I’m 100 percent involved, I do everything from formulating, choosing the ingredients, the packaging, and even being present in the lab. The biggest challenge for me is finding the right team of people who are on the same wave length. You know, who share the same values of harmony between humans and environment. Sometimes I have an idea at 4 o’ clock in the morning. I often record my thoughts, to share with my team later on.

Why is it so important that beauty products are free of all these unnecessary ingredients?

Natural is more native to us. When we eat organic and healthy food, we feel better, happier, more energised. I feel that it is not only about what you eat, it’s about your complete lifestyle and therefore, you should also care about what you put on your skin. Research already showed that synthetics are toxic to our body, especially synthetic B12, which is toxic to our liver. Also, there is a relation between our guts, our skin and our brain. When I talk about digestion I always think about a story of my granny. Because in Ukrainian culture when a child is born, the well wishes for the parents are usually for the child to sleep well, and to poop well. My granny wouldn’t ask me how I was doing, but how often I pooped that day. She wasn’t a scientist but she knew that if our guts weren’t working well, that would have a big influence on our skin. Our skin is our largest organ and it both absorbs and excretes things. The skin has a protective function. It’s the first thing that meets the outside world and makes sure to protect our body from any unwanted invaders from the outside. The way it functions is through acidic barrier and skin microflora that are on the top of our skin. Microflora is the mix of friendly microorganisms which are essential for health and beauty of our skin. Conventional cosmetics contain ingredients that are just too aggressive for the skin microflora and often lead to a destruction of the friendly microorganisms that protect our skin. This creates a lot of challenges for the skin as well as the body. Research shows a direct relationship between imbalance of skin microflora and eczema, atopic dermatitis, skin allergies and sensitivity. All those aggressive ingredients that are used in cosmetics such as alcohol, destroys these bacteria that are there to protect us.

 

 

“The better my skin became, the more confident I got,

the more I started accepting myself.”

What does your morning beauty ritual look like?

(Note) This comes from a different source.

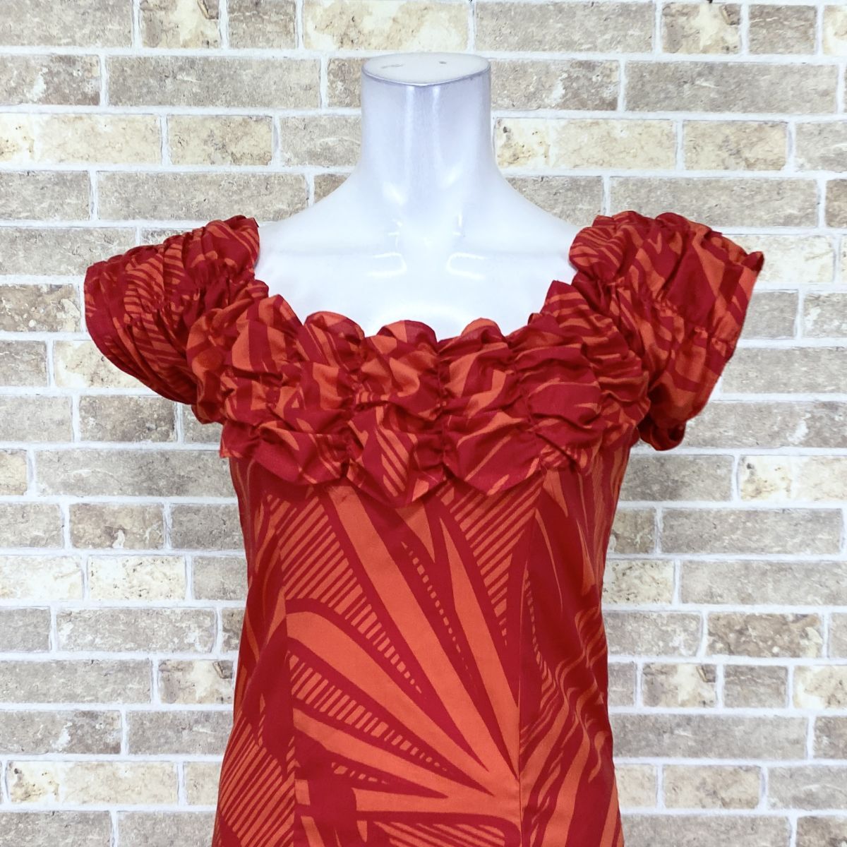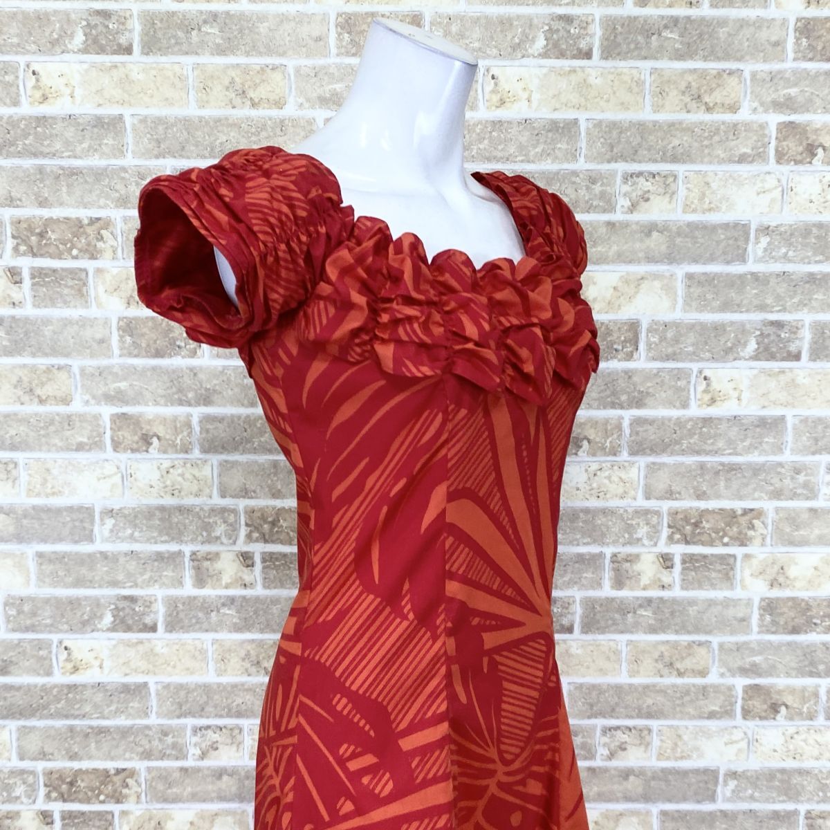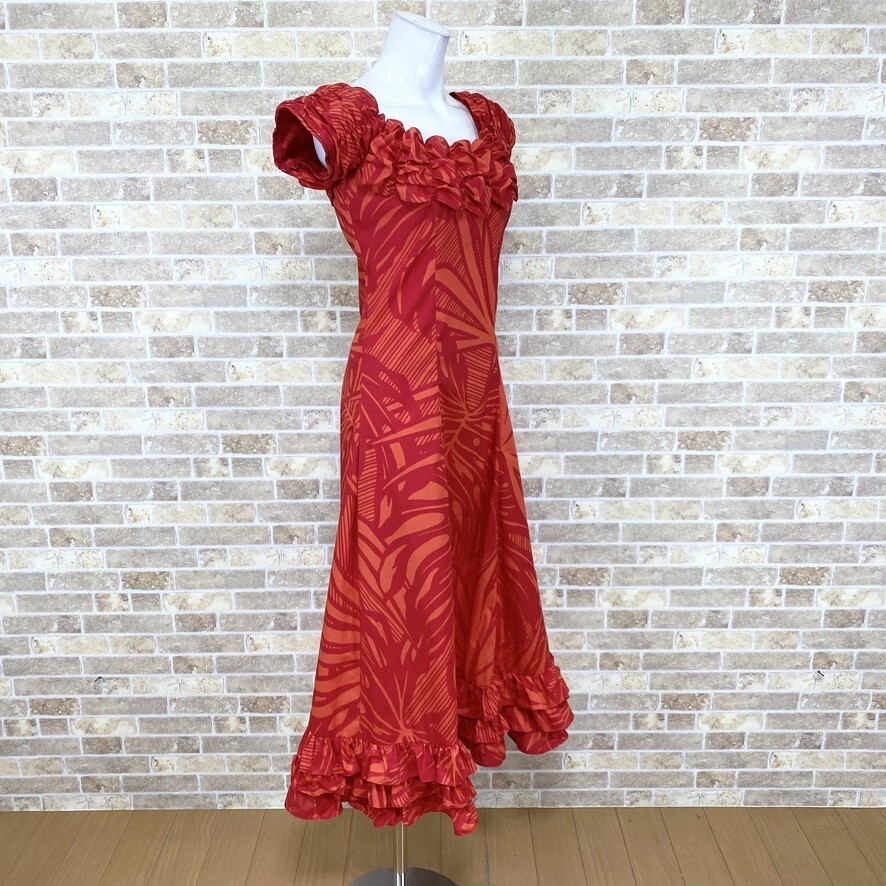 1円 ダンスドレス 赤系柄 3-4 HAWAII製 ダンス衣装ドレス カラードレス  発表会 舞台衣装 イベント 中古17165

It’s very simple, I wash my face with water and I use a rose-mist toner to awaken my skin. Then I apply a hydrating serum around my eye area and all over my face. On top, I use a cream to seal the moisture with it. For the last 15 years I hardly used any make-up. The better my skin became, the more confident I got and the more I started accepting myself. I didn’t feel a need in makeup anymore. There is a direct relationship between how I treat my body, and how I actually feel. My philosophy in life is clear; simple and natural.